Allgaier: My wife says no. For me, I don’t care either way. As long as she is happy doing whatever it is that she chooses. My family, particularly my dad, is very adamant that we don’t do anything unless it is our main focus. He gave me the opportunity to be a racecar driver, but if there was ever a time that I didn’t want to do it, we’d go and park it and do whatever it was that I wanted to go do. I think for my daughter, I think it is going to be the same way. If you are happy with what you do and enjoy it, it is not really like work. I want her to never have to work in her life. I want her to be happy doing whatever it is that she loves and have a career that she loves doing.
Wolkin: Heading into the final half of the season, do you feel that you can sneak into the Chase?

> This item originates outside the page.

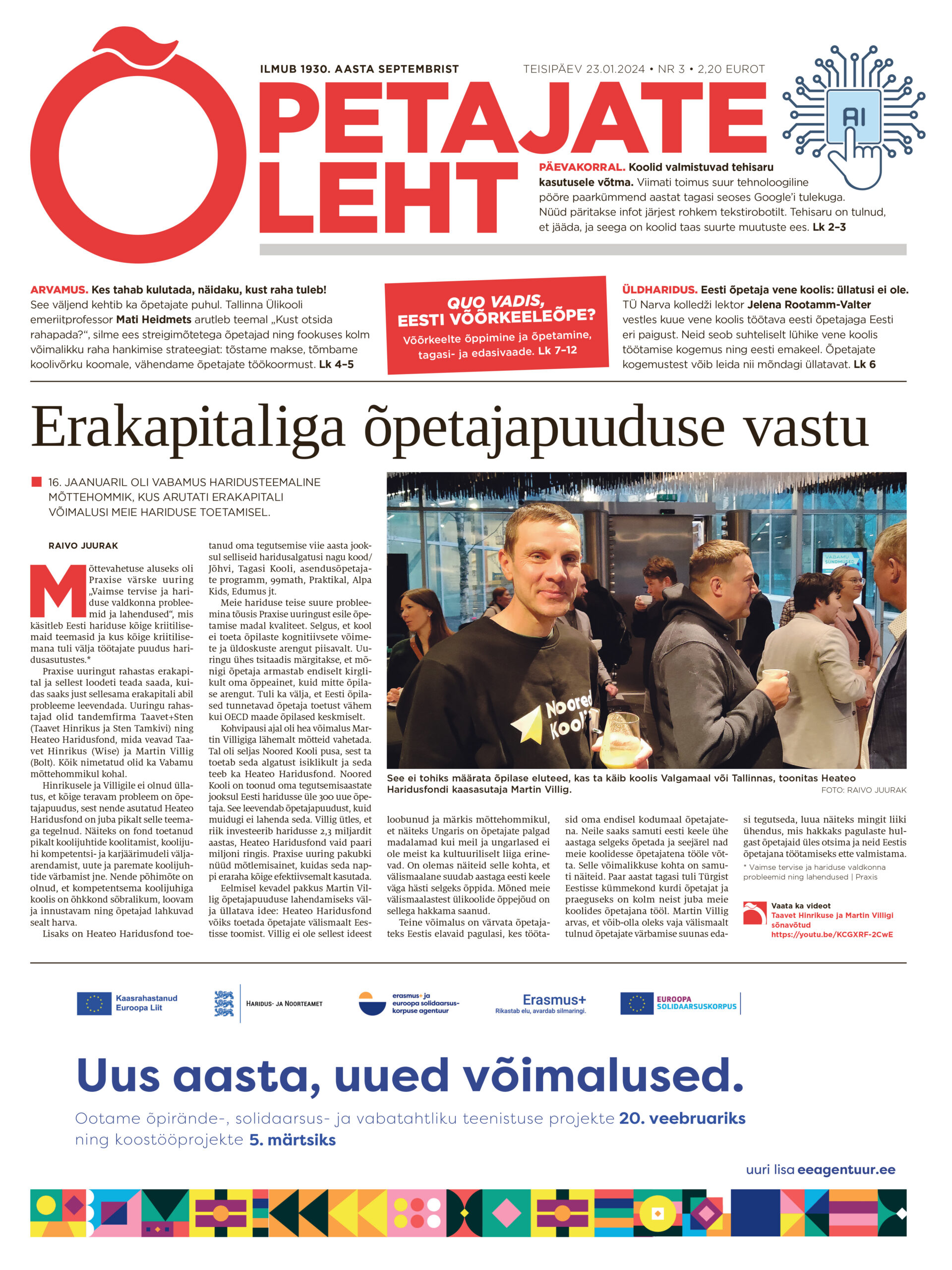 Aasta 2023 oli võõrkeeleõpetajate jaoks muutusterohke: lisaks riiklikust hariduspoliitikast tulenevale B-võõrkeele valiku mitmekesistamise algatusele tõi suuri muutusi tehisaru plahvatuslik areng. Kui masintõlge koos mitmesuguste toimetamisprogrammidega ning keeleõppeprogrammid on võõrkeeleõppes kasutusel olnud juba aastaid, siis tehisarust juturoboti Chat GPT saabumine põhjustas tõelise raputuse üleilmses hariduselus: ümber tuli mõtestada, mis on looming, autoriõigus, plagiaat, rääkimata juturoboti mõjust võõrkeelte õpetamisele. Tallinna Ülikooli ühiskonnateaduste instituudi õppejuht Tuuli Oder vaatab võõrkeelte erilehes tagasi võõrkeeleõpetusele eelmisel aastal ja vaatleb alanud aasta ülesandeid-suundumusi.

Allgaier: This whole win and you’re in thing for the Chase is really cool, especially being with a smaller team and having that opportunity. At the same time, we put ourselves in the best position that we believe we can be in every week. If something happens, that changes the game if you make it. I don’t know if we would make it past the first cut, but I’d be OK trying. I would definitely love to have that opportunity, but at the same time, we have a great team and we are going to keep plugging along.
Wolkin: With the rules package being what it is this year, what changes can NASCAR make to enable more passing?
Allgaier: Unfortunately, that is the age old question. Obviously, NASCAR doesn’t have an easy task in front of them. They made a rules change to slow the cars down and they ended up going faster. My personal opinion is we need to take some aero dependency off these cars. It would let us drive up next to somebody and not have their air wake or flow disrupt your car. If we can’t do that, I don’t know. It’s a tough one. It really is.